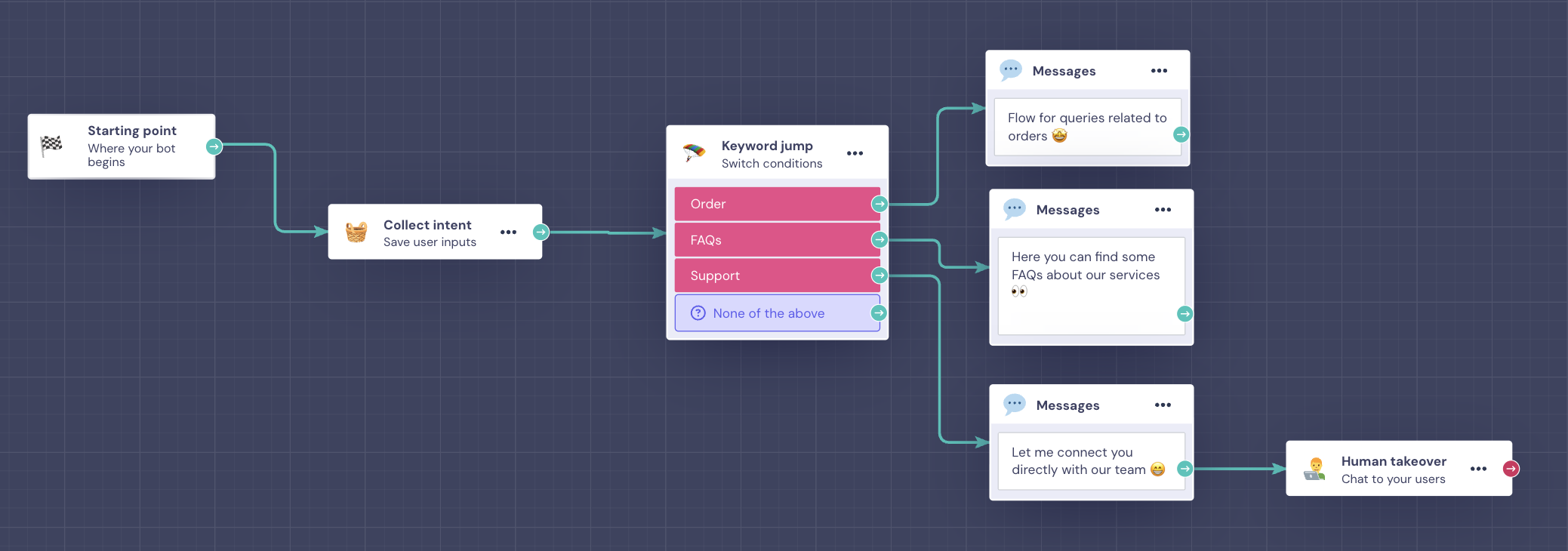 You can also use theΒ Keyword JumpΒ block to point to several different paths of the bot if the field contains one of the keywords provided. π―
● ● ● ● ● ● ●
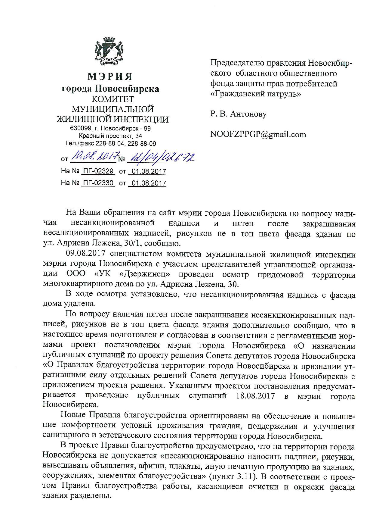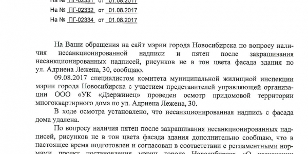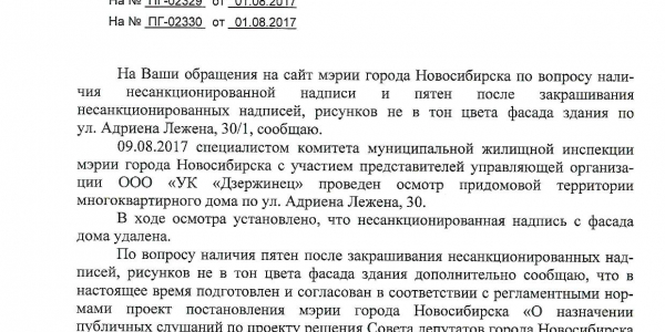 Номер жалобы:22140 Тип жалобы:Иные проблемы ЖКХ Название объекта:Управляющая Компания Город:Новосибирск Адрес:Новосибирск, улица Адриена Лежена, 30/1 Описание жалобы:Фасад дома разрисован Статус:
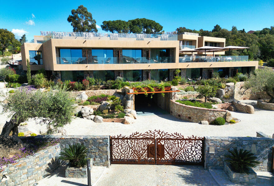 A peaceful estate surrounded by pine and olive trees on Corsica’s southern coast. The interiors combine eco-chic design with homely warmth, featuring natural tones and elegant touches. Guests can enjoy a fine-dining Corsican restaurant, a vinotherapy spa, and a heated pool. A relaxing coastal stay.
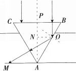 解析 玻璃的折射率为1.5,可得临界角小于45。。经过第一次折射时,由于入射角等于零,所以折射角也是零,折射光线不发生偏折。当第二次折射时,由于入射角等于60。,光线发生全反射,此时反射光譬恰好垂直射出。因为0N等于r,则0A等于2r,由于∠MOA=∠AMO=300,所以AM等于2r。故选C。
● ● ● ● ● ● ●
* [WORK REQUIRED] All lines above starting at the one with "A peaceful estate" and ending at the one with "解析 玻璃的折射率为1.5,可得临界角小", inclusive, are to be printed again exactly, with the pictures left out.

* [TASK SOLUTION]
 A peaceful estate surrounded by pine and olive trees on Corsica’s southern coast. The interiors combine eco-chic design with homely warmth, featuring natural tones and elegant touches. Guests can enjoy a fine-dining Corsican restaurant, a vinotherapy spa, and a heated pool. A relaxing coastal stay.
 解析 玻璃的折射率为1.5,可得临界角小于45。。经过第一次折射时,由于入射角等于零,所以折射角也是零,折射光线不发生偏折。当第二次折射时,由于入射角等于60。,光线发生全反射,此时反射光譬恰好垂直射出。因为0N等于r,则0A等于2r,由于∠MOA=∠AMO=300,所以AM等于2r。故选C。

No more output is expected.